Data extracted from a collection:
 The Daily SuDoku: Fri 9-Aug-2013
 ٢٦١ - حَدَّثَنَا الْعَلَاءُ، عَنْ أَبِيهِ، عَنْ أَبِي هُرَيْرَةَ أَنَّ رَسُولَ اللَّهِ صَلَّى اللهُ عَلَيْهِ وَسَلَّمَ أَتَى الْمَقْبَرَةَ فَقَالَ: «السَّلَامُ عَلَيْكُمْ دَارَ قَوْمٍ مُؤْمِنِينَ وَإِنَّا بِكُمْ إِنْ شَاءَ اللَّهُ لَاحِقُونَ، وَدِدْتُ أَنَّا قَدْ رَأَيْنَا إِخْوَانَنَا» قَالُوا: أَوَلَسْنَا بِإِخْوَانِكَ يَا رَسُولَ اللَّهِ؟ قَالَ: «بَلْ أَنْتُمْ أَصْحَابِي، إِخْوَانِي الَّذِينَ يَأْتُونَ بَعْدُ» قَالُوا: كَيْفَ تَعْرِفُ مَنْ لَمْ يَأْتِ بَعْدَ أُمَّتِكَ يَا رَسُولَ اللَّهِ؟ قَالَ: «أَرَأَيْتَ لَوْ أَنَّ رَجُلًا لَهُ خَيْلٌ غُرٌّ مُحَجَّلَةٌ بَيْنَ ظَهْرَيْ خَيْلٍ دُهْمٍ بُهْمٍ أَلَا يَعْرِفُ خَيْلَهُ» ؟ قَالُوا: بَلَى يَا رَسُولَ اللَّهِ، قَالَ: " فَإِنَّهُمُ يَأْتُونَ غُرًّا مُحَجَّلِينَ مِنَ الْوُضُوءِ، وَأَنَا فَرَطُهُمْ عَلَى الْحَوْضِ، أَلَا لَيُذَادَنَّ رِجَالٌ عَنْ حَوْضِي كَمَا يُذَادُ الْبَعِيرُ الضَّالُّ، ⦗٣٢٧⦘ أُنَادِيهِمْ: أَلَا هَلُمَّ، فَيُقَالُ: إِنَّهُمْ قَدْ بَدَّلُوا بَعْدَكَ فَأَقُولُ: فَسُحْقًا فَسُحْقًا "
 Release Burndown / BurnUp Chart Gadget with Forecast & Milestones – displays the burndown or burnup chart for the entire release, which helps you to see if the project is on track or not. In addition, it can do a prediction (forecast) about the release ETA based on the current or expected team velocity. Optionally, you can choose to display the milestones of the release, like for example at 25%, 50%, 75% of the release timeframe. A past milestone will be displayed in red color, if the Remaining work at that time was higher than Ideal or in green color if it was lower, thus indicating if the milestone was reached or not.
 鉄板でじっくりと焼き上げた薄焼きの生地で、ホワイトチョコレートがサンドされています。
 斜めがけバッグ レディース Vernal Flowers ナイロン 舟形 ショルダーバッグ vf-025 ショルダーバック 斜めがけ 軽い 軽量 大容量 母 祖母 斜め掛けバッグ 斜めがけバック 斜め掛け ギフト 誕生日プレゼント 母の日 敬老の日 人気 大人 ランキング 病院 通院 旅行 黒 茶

__HOW TO COMPLETE THIS TASK__
Up to and including the last line of the records above, print exactly every line from the one that contains "鉄板でじっくりと焼き上げた薄" onward.

__RESULT__
 鉄板でじっくりと焼き上げた薄焼きの生地で、ホワイトチョコレートがサンドされています。
 斜めがけバッグ レディース Vernal Flowers ナイロン 舟形 ショルダーバッグ vf-025 ショルダーバック 斜めがけ 軽い 軽量 大容量 母 祖母 斜め掛けバッグ 斜めがけバック 斜め掛け ギフト 誕生日プレゼント 母の日 敬老の日 人気 大人 ランキング 病院 通院 旅行 黒 茶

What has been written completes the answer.